Start of Record excerpts
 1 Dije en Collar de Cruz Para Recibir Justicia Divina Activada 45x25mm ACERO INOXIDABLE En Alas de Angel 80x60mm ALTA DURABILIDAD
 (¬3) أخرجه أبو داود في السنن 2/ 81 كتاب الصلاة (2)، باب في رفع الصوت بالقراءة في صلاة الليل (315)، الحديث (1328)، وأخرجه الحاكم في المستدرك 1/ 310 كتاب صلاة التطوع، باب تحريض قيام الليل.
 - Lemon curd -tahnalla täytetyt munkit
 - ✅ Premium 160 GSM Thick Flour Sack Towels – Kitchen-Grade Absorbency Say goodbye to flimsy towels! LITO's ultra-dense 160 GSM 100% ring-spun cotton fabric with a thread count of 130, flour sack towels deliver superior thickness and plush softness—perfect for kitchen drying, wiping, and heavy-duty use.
End of Record excerpts
Start of Record excerpts
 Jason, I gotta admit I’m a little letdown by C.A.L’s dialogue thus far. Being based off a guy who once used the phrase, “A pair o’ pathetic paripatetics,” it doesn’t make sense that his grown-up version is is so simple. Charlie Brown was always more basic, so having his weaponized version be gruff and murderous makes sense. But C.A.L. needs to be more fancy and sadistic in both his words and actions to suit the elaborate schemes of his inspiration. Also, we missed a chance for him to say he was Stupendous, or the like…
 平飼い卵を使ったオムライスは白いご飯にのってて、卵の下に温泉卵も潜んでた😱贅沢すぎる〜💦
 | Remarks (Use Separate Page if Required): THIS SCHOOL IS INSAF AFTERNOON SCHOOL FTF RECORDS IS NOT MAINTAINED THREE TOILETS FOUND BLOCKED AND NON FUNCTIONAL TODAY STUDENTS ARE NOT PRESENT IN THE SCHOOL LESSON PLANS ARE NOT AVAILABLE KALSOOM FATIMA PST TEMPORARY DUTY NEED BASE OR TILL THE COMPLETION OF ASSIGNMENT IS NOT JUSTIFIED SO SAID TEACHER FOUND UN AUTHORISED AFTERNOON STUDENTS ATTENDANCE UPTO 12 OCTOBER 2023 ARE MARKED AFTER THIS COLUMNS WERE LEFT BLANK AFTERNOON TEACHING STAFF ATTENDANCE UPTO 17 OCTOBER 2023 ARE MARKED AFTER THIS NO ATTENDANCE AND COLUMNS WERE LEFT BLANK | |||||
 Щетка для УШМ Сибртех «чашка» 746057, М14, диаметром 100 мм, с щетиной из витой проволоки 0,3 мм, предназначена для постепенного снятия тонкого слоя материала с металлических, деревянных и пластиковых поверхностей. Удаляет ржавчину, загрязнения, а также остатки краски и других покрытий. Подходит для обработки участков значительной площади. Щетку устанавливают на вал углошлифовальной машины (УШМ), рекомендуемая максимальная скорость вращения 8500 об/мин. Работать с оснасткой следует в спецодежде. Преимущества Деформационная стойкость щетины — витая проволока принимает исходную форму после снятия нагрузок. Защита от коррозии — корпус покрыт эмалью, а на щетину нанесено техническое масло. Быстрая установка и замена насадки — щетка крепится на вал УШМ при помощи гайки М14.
End of Record excerpts
Work to be completed:
When you reach the line containing "1 Dije en Collar" in the data above, start copying exactly, and stop after the line containing "- ✅ Premium".

Output of the exercise:
 1 Dije en Collar de Cruz Para Recibir Justicia Divina Activada 45x25mm ACERO INOXIDABLE En Alas de Angel 80x60mm ALTA DURABILIDAD
 (¬3) أخرجه أبو داود في السنن 2/ 81 كتاب الصلاة (2)، باب في رفع الصوت بالقراءة في صلاة الليل (315)، الحديث (1328)، وأخرجه الحاكم في المستدرك 1/ 310 كتاب صلاة التطوع، باب تحريض قيام الليل.
 - Lemon curd -tahnalla täytetyt munkit
 - ✅ Premium 160 GSM Thick Flour Sack Towels – Kitchen-Grade Absorbency Say goodbye to flimsy towels! LITO's ultra-dense 160 GSM 100% ring-spun cotton fabric with a thread count of 130, flour sack towels deliver superior thickness and plush softness—perfect for kitchen drying, wiping, and heavy-duty use.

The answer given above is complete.